Nothing outside the lines below from the one containing "Indulge in relaxation" through the one containing "We surveyed 400" is to be printed; print those exactly, ends included, and drop the pictures.
══════
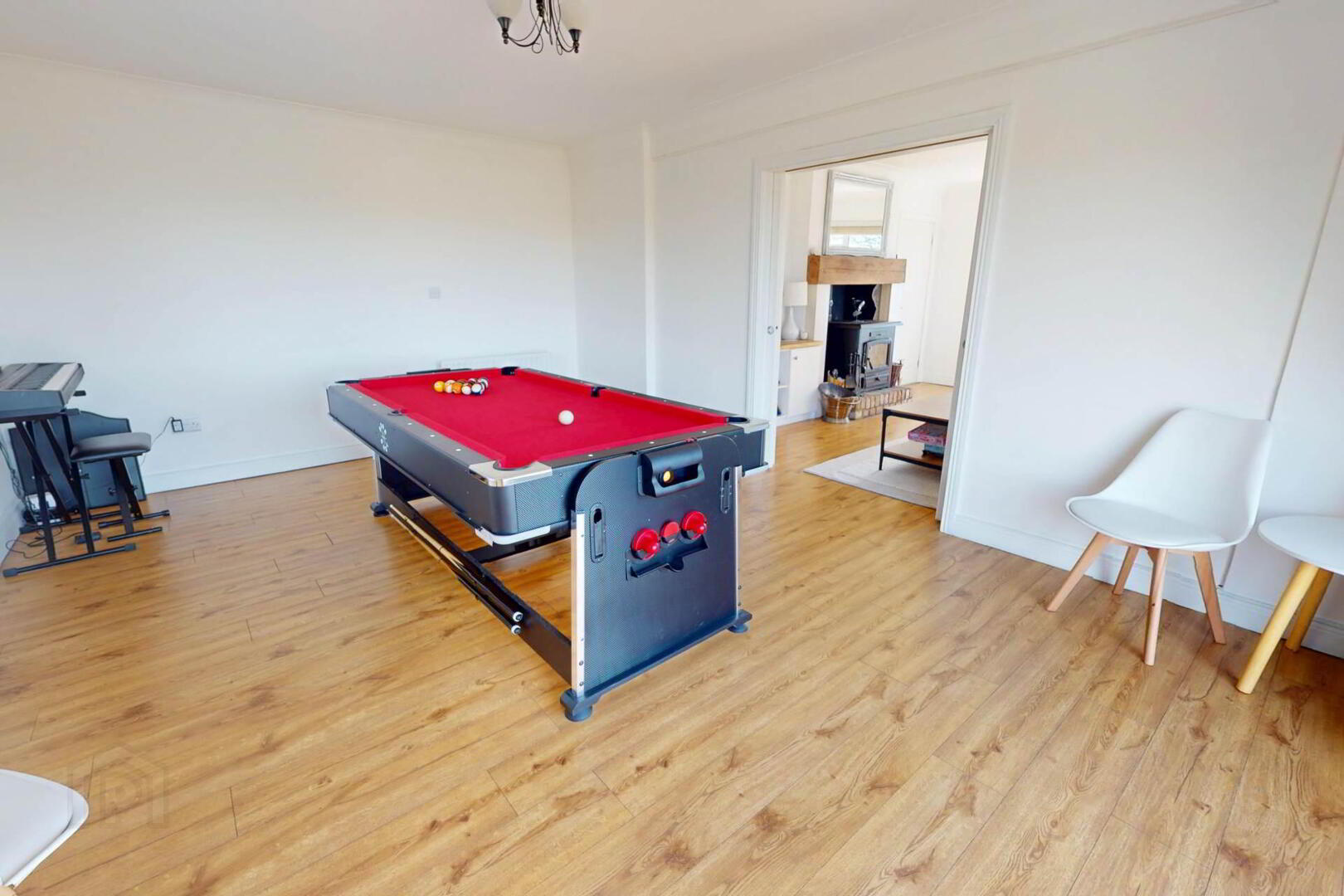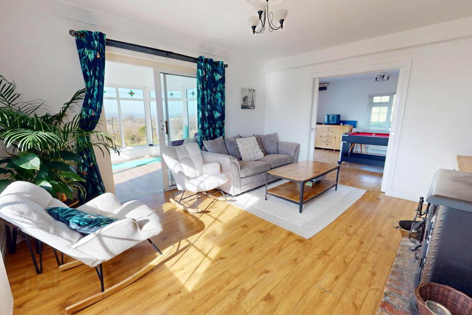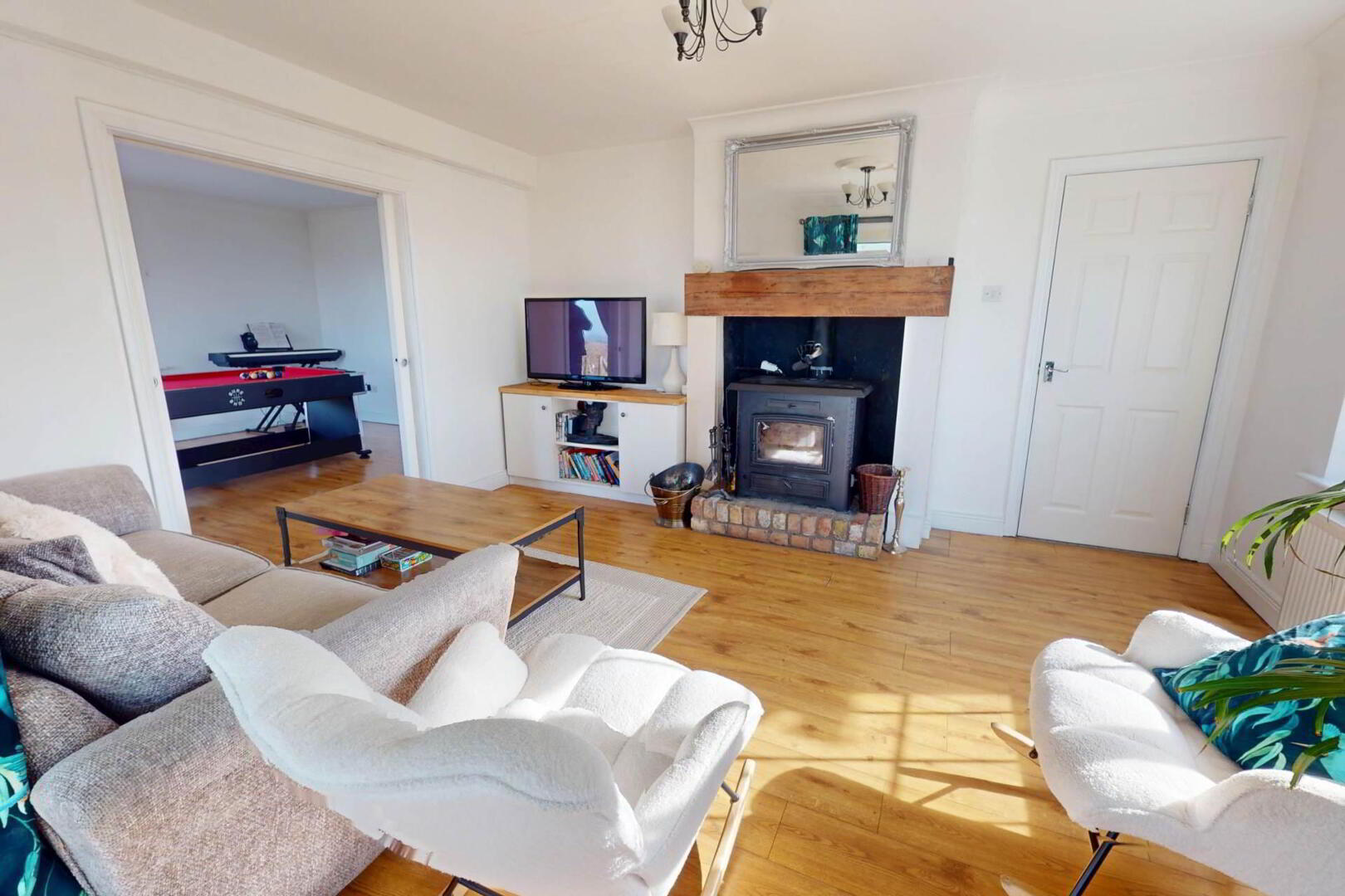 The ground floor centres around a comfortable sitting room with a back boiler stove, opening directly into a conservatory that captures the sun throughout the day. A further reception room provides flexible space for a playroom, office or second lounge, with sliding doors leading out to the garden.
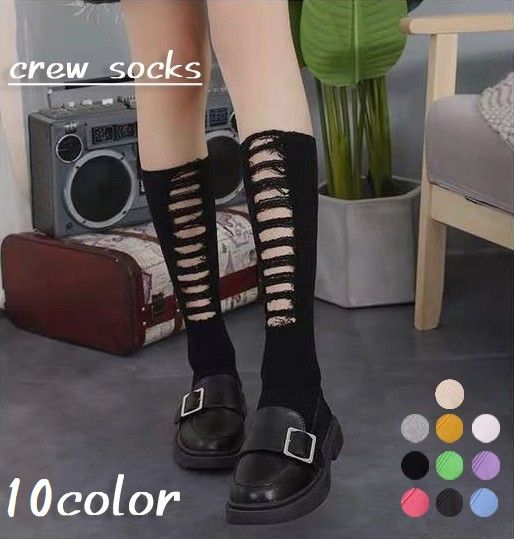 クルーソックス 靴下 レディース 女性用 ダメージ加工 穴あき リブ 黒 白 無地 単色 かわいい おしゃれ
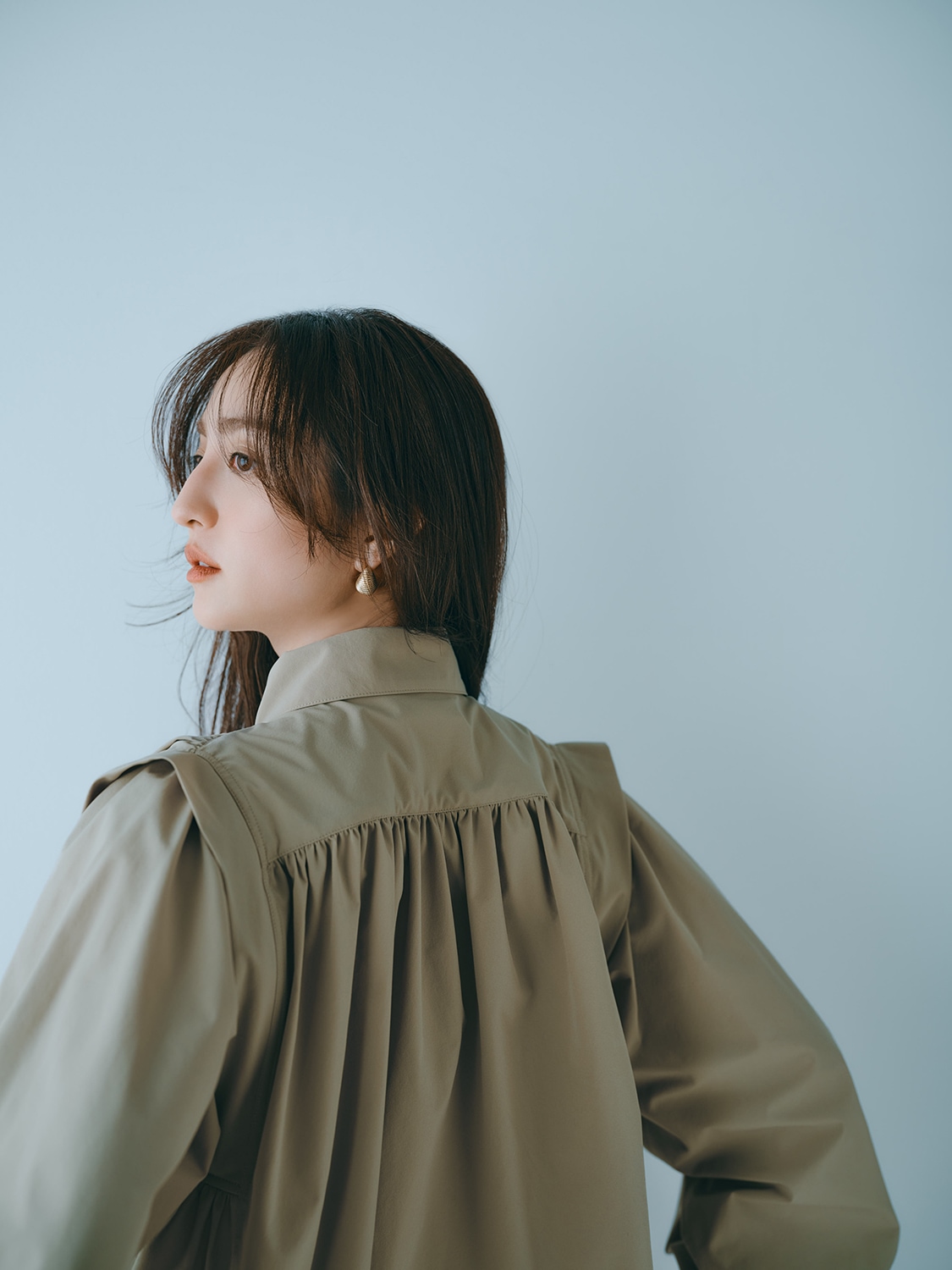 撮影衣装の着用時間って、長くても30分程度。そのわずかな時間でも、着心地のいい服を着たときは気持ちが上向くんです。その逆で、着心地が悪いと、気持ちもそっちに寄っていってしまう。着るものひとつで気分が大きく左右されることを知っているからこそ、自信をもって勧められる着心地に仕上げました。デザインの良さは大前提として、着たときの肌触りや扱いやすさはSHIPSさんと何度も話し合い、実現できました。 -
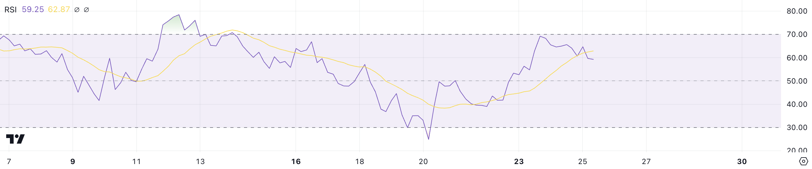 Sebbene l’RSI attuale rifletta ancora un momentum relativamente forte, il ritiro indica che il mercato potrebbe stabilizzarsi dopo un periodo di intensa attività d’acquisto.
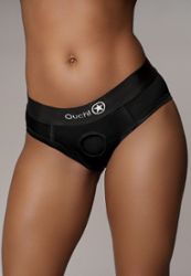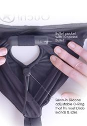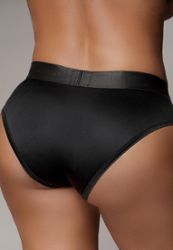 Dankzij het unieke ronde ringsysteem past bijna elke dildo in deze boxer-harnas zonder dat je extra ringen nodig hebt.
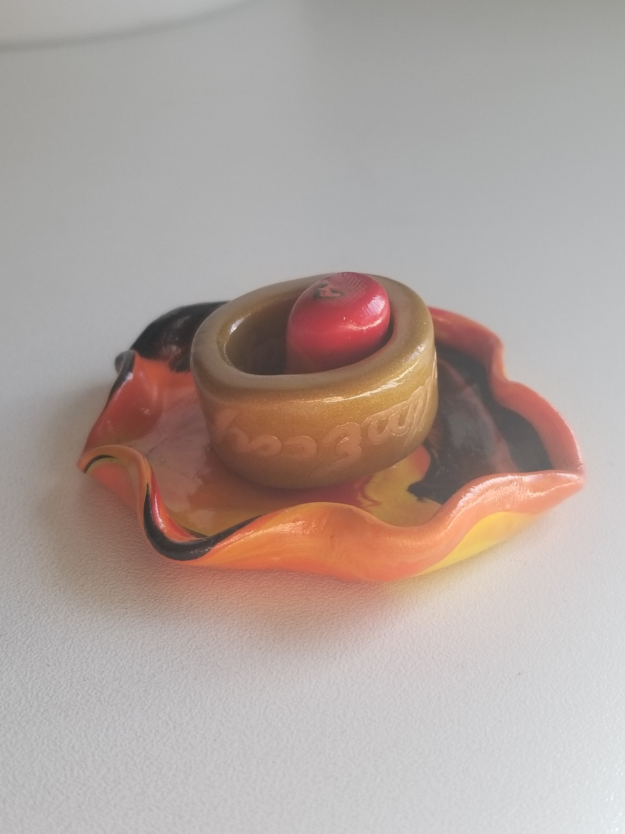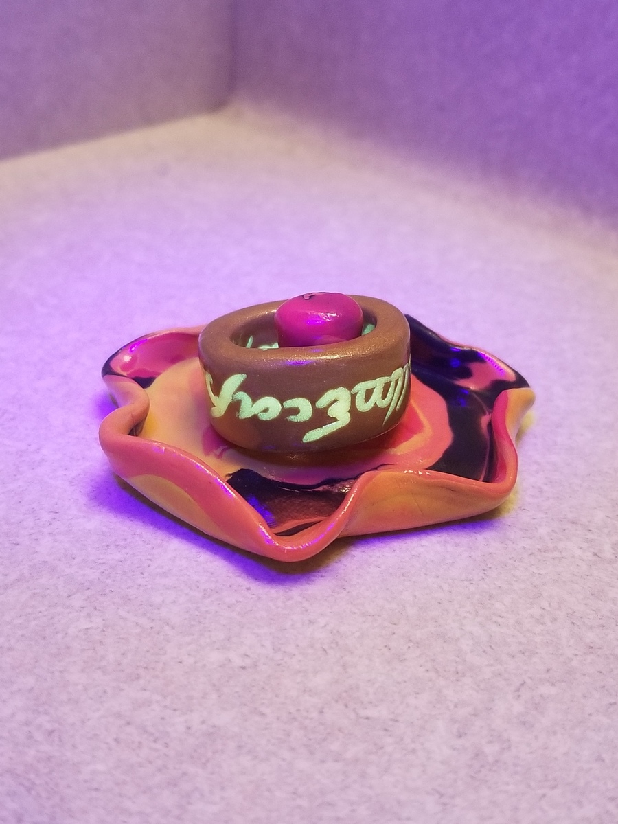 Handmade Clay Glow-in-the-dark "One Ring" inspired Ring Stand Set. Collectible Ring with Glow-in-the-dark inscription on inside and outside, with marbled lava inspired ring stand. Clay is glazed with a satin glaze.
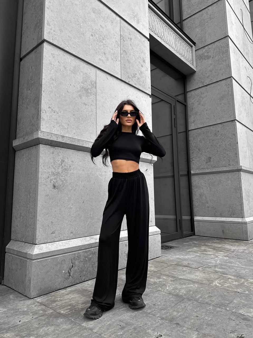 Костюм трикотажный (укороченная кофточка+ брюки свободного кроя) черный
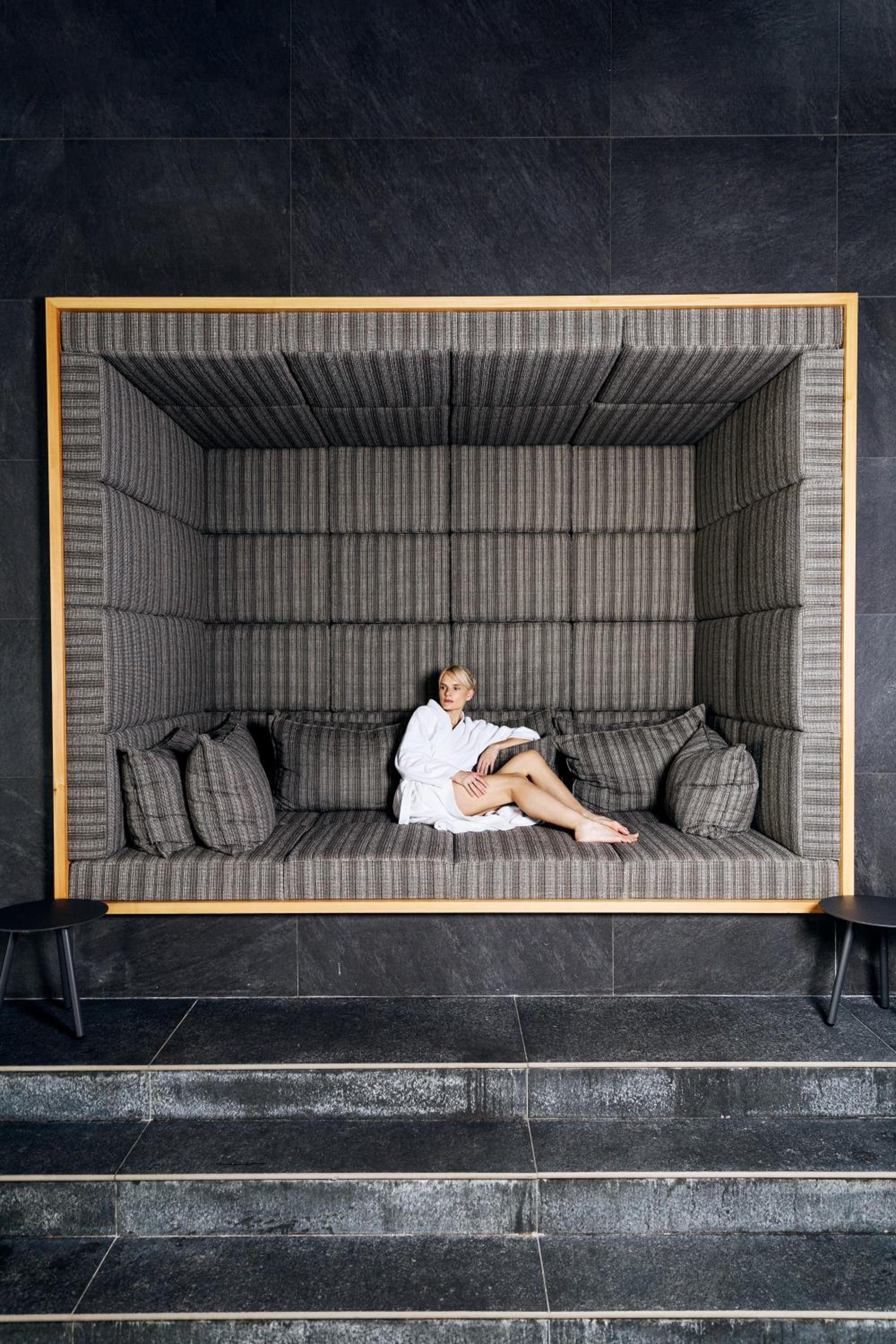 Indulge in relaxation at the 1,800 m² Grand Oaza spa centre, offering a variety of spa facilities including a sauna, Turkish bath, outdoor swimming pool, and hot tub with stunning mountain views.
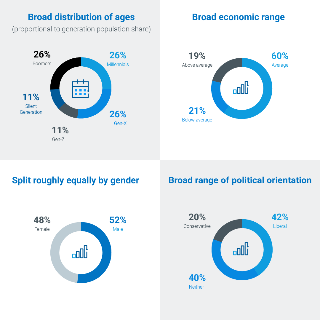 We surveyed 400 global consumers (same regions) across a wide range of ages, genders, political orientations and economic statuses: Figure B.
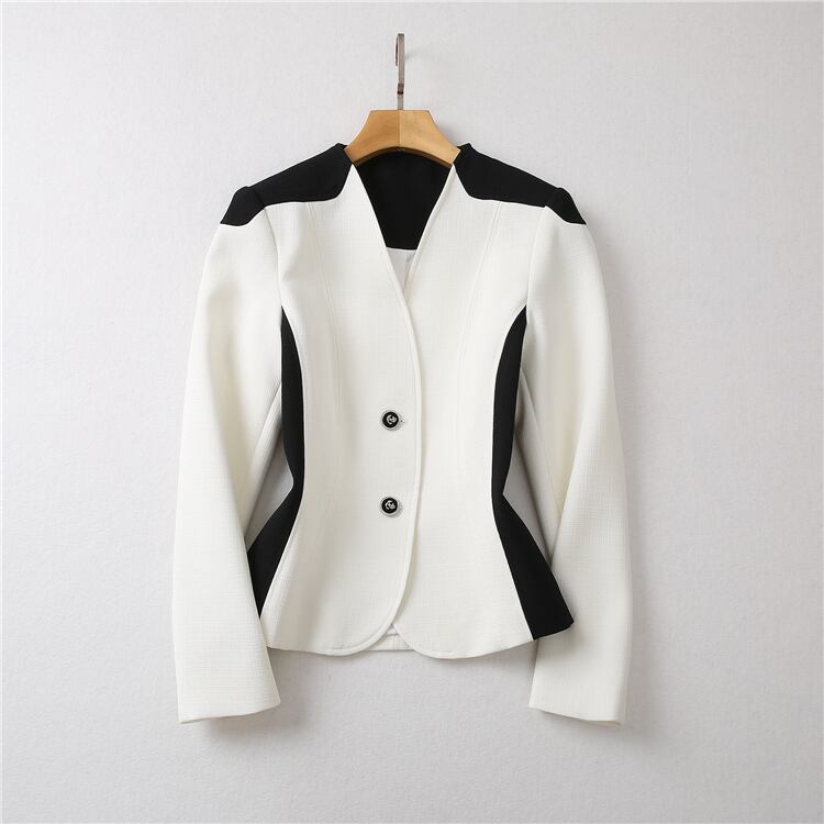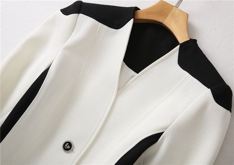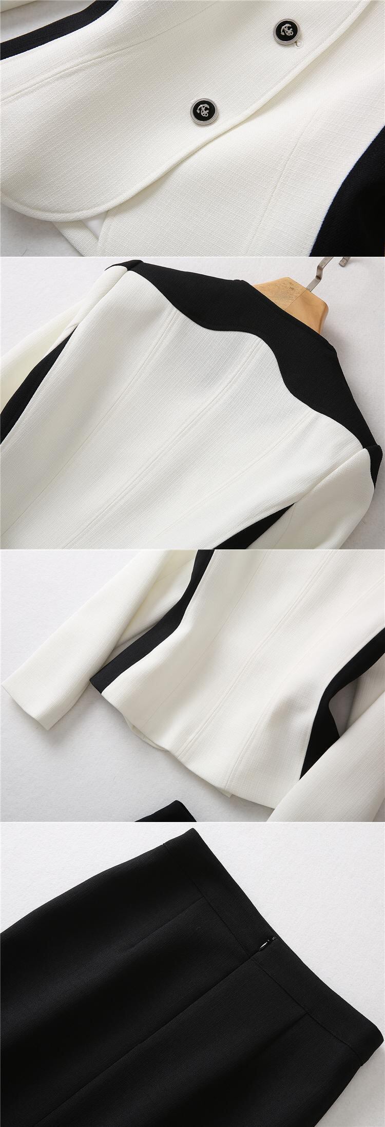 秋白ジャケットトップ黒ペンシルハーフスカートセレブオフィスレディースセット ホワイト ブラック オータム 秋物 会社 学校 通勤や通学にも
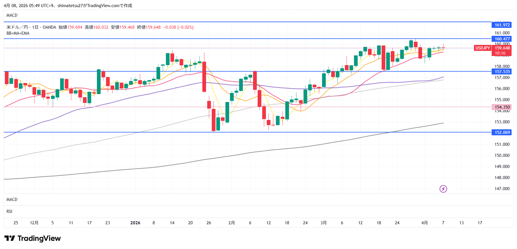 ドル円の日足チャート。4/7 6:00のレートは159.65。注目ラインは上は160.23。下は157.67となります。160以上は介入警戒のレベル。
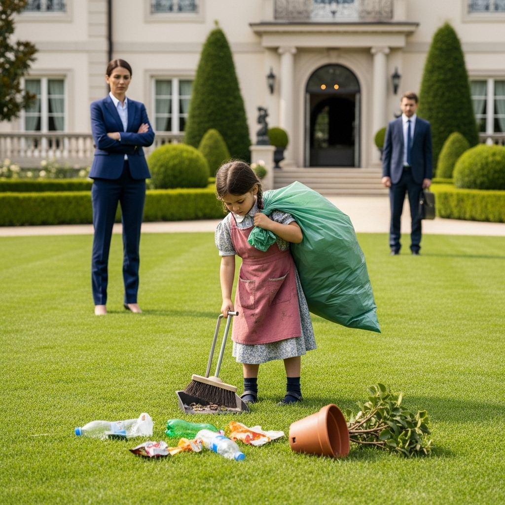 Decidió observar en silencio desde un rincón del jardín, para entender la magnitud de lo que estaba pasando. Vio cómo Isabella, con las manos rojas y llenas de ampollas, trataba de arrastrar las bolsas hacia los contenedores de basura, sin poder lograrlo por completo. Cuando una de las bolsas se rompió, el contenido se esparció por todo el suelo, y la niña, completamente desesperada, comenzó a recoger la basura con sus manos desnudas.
══════
- [OUTPUT OF THE EXERCISE]:
 Indulge in relaxation at the 1,800 m² Grand Oaza spa centre, offering a variety of spa facilities including a sauna, Turkish bath, outdoor swimming pool, and hot tub with stunning mountain views.
 We surveyed 400 global consumers (same regions) across a wide range of ages, genders, political orientations and economic statuses: Figure B.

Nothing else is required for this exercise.